Ma, se sei un giocatore di basket e giochi in NBA, il problema è risolto grazie ai milioni di fan in giro per il mondo, ai giornalisti o anche semplicemente… alle nonne. Tanti cervelli messi assieme sono in grado – sfortunatamente non sempre – di partorire idee geniali e, di conseguenza, non è una caso se molti dei soprannomi che vengono dati ai giocatori NBA sono memorabili, riuscendo a volte a prendere il posto del nome di battesimo.
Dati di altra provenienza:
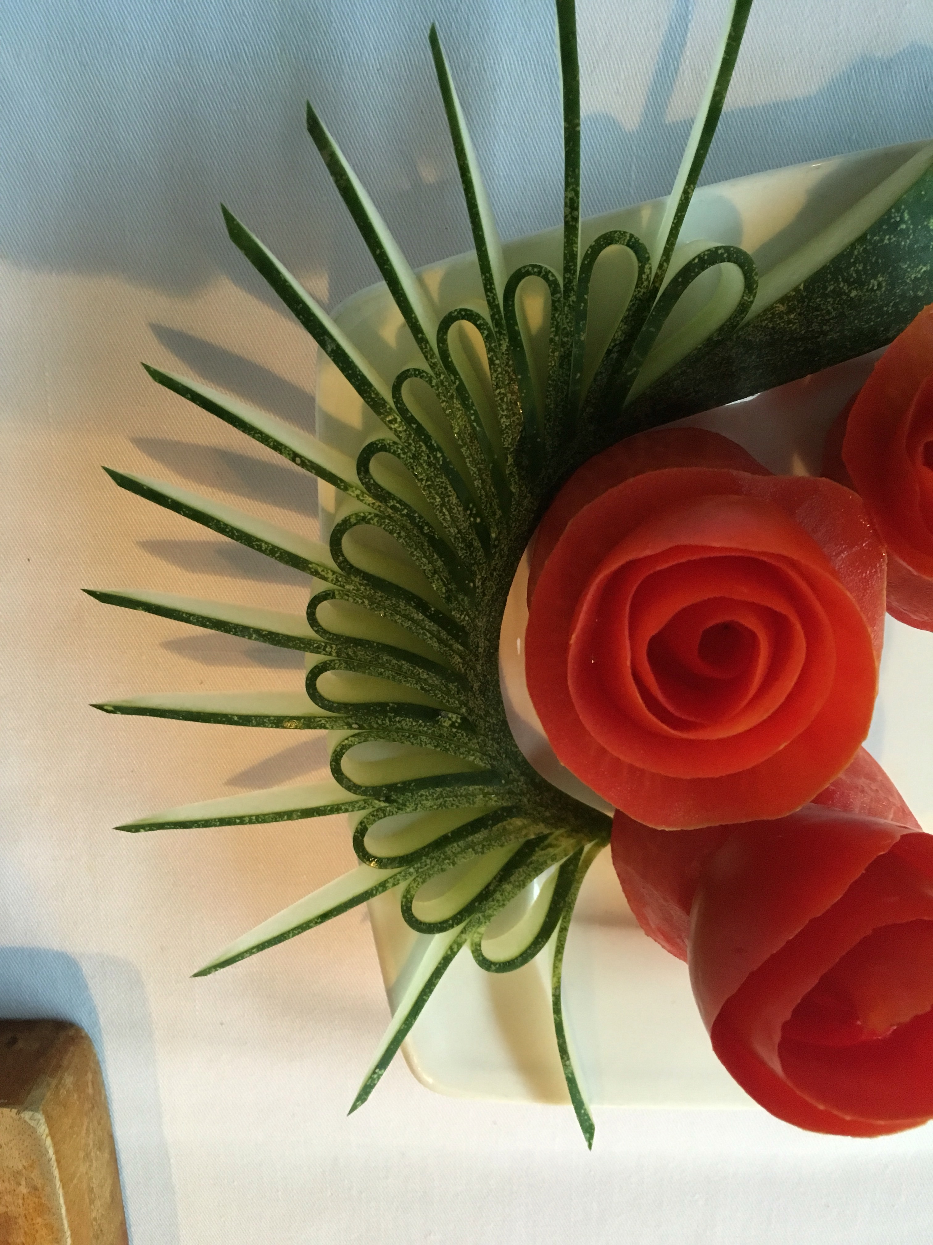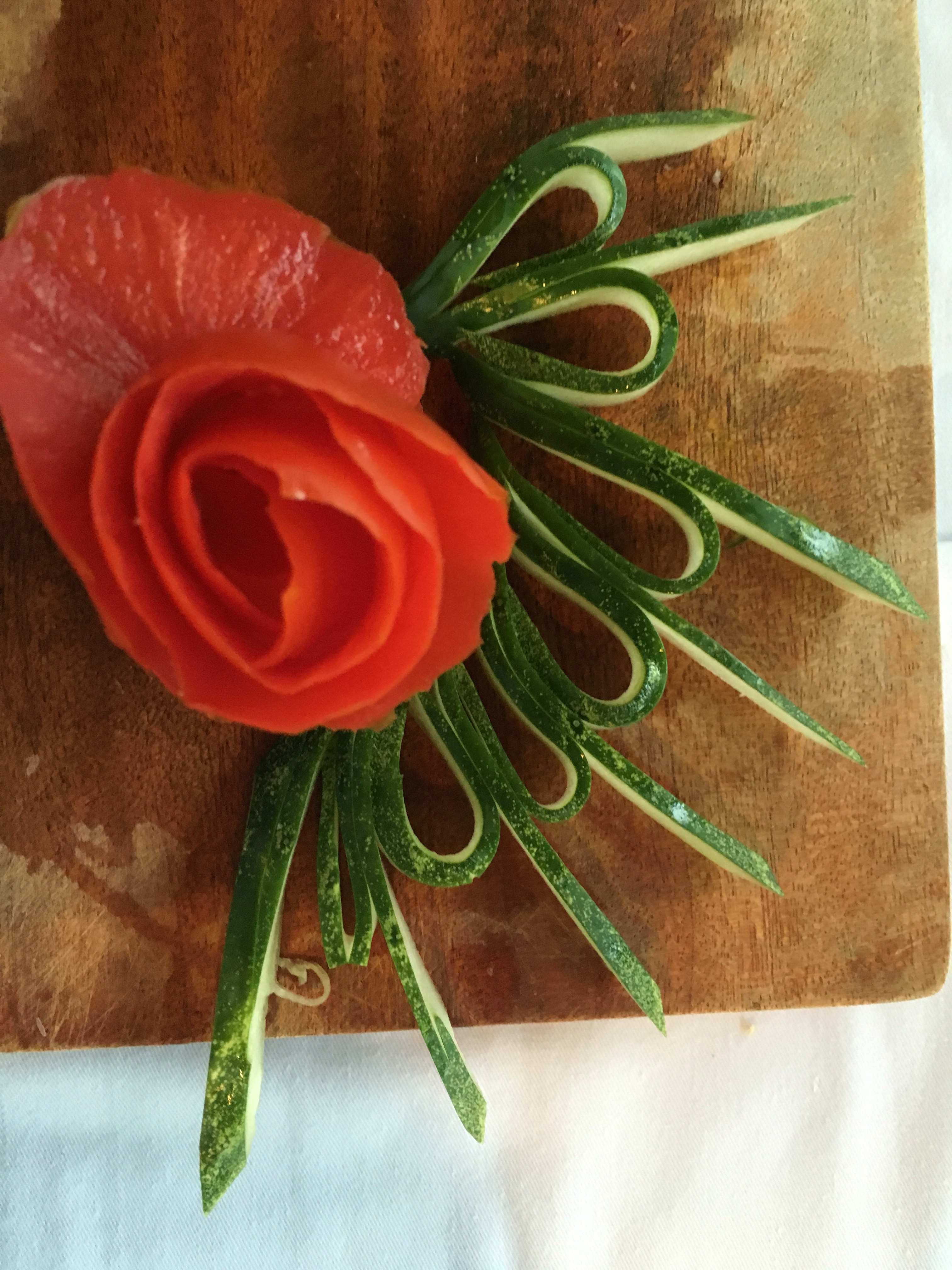 We cooked 1 first and promptly ate it (& everyone commented on my great knife skills as I had the best sliced carrots in our group of 6… I apparently brought my A game). We then cooked 2 & 3 and ate those together as course 2 and after, took a 1 hour break on the lovely grounds. Amy & I played cards and chatted while the cooking school staff prepped for the afternoon’s meals.
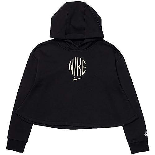 Nike Girl's NSW Graphic Fleece Hoodie (Little Kids/Big Kids) Black/White LG (14-16 Big Kid)
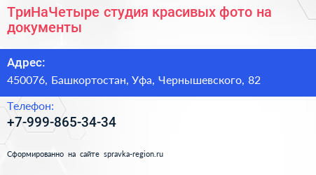 ТриНаЧетыре, студия красивых фото на документы по адресу 450076, Башкортостан, Уфа, Чернышевского, 82 в дальнейшем Организация, размещена в следующих категориях:
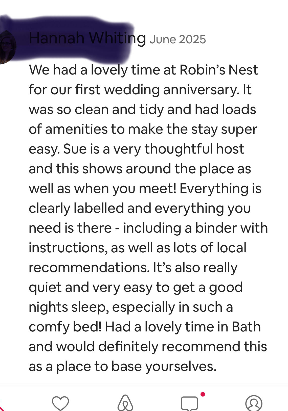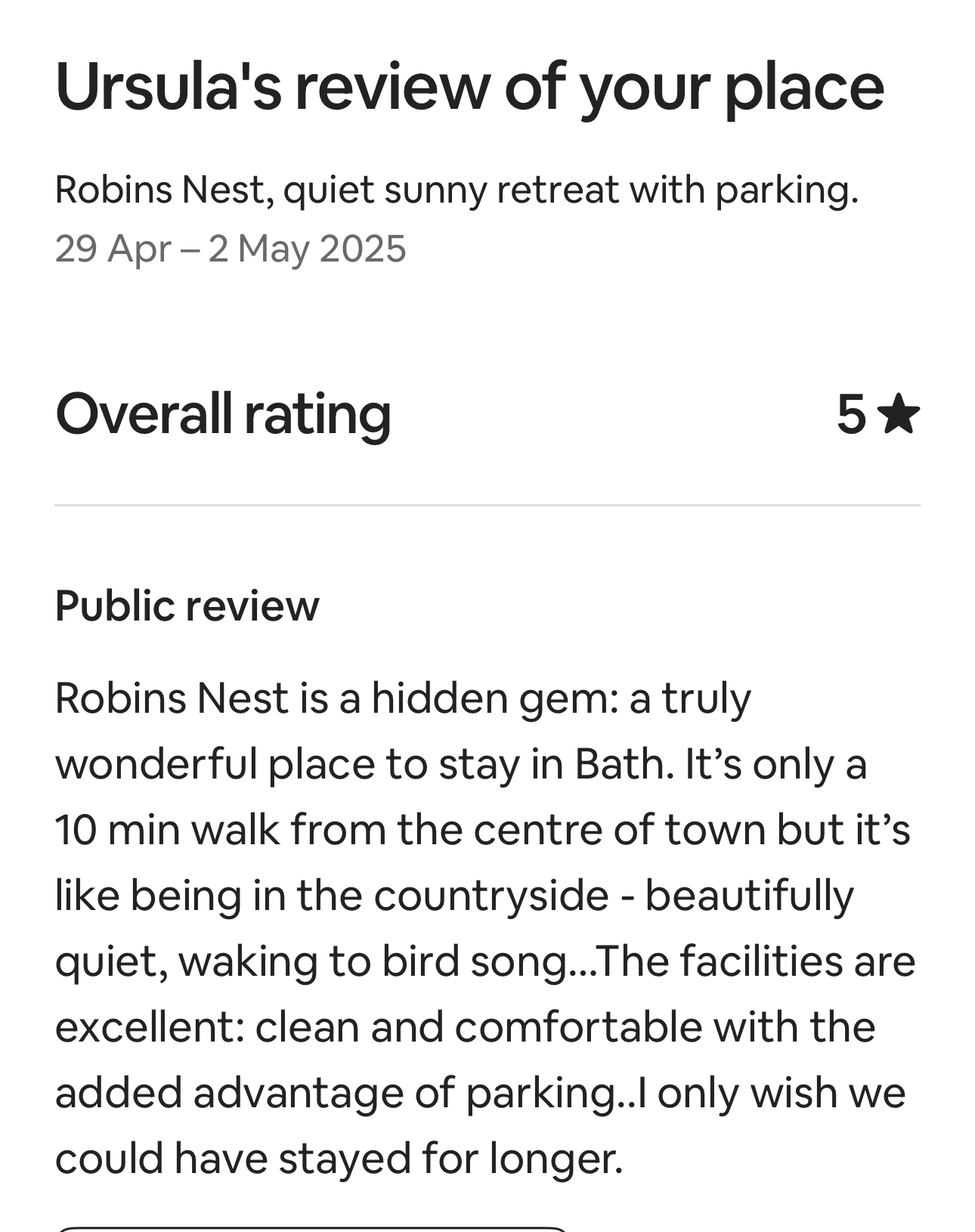 I have lived in Bath for 30 years and have good local knowledge and if I am around I am more than happy to help with ideas to make your trip even better. Robins nest is set in the grounds of our main house.

Ecco quindi una lista – rigorosamente in ordine alfabetico – con i migliori soprannomi dei giocatori NBA che hanno solcato i parquet statunitensi negli anni ’90:

Anfernee Hardaway – “Penny”

Si comincia con uno di quei casi in cui il soprannome, col passare del tempo, ha preso il posto del nome di battesimo, difatti il famoso Penny Hardaway all’anagrafe in realtà risulta chiamarsi Anfernee Hardaway. La motivazione del suo nickname? Semplice: la nonna, con il suo accento tipico del sud degli Stati Uniti, quando lo chiamava “Pretty” sembrava dicesse ogni volta “Penny”. Sicuramente Penny è un gran bel nome, ma Lil’ Penny, che non è un trapper ma un personaggio di una pubblicità Nike (proprio con Hardaway), è molto meglio.